It was commonly thought, the same witnesses tell us, that he remained as pure as he was when he left his mother's womb. His life was spent entirely in praying, studying, writing or dictating, teaching or preaching, so that there was not a wasted moment. (He preached, either in Latin before the Roman Curia or the University or at Paris, or in Neapolitan in his native land-he never had the time to learn another vernacular language. In a Lenten series preached at Naples, he touched hearts so deeply that he had to break off in order to let the congregation weep.) He was always the first to rise at night for prayer, and as soon as he knew at a given signal that the other brethren were coming he would withdraw to his room. After his Mass, which he celebrated early in the morning, he attended a second Mass out of devotion, then mounted the rostrum for his lecture. After this he wrote and dictated. Then he took his meal and went back to his room, where he devoted himself to divine things until the time came to rest. As soon as he awoke he began again to write. When the brethren would fetch him into the garden for recreation, he would soon withdraw and return to his room. When he wanted exercise he walked alone in the cloister, head erect.
He was full of simplicity, of ingenuousness; he had great love for his brethren. He wept for the faults of another as though they were his own. The purity of his heart was such that, on the testimony of his confessor, Reginald, his general confession, before dying, was like that of a child of five.

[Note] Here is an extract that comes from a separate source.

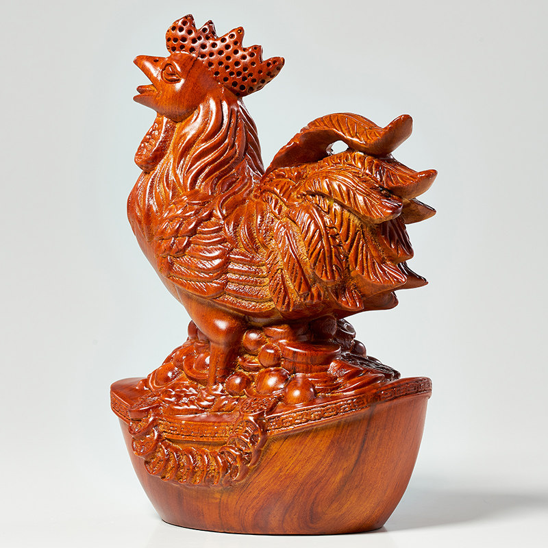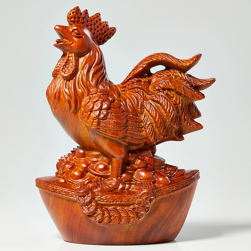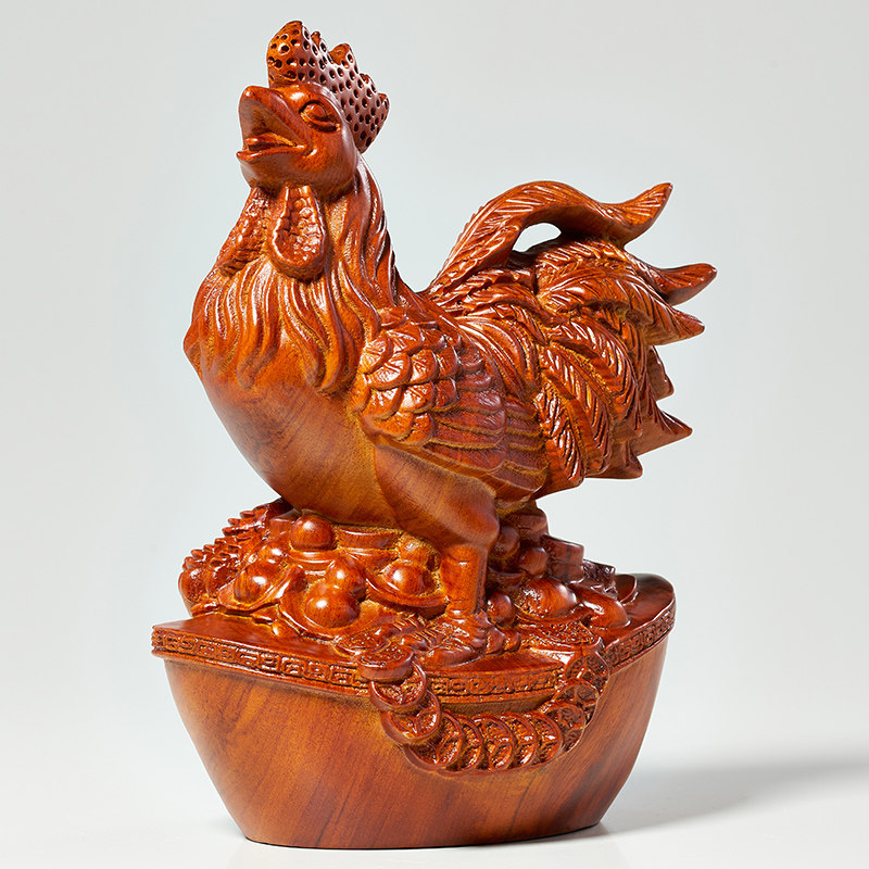 花梨木雕金鸡摆件十二生肖公鸡现代家居装饰客厅办公室工艺品摆设

From the first day of his teaching, from the time when be commented in Paris on the Master of the Sentences, he was seen to rise like a sign in the heavens. Some were indignant, the majority marveled at such freshness and youth. "A new method, new reasons, new points of doctrine, a new order of questions, a new light," he was a great innovator, because he was not looking for the new but simply and solely for the true; he took the rust off scholasticism.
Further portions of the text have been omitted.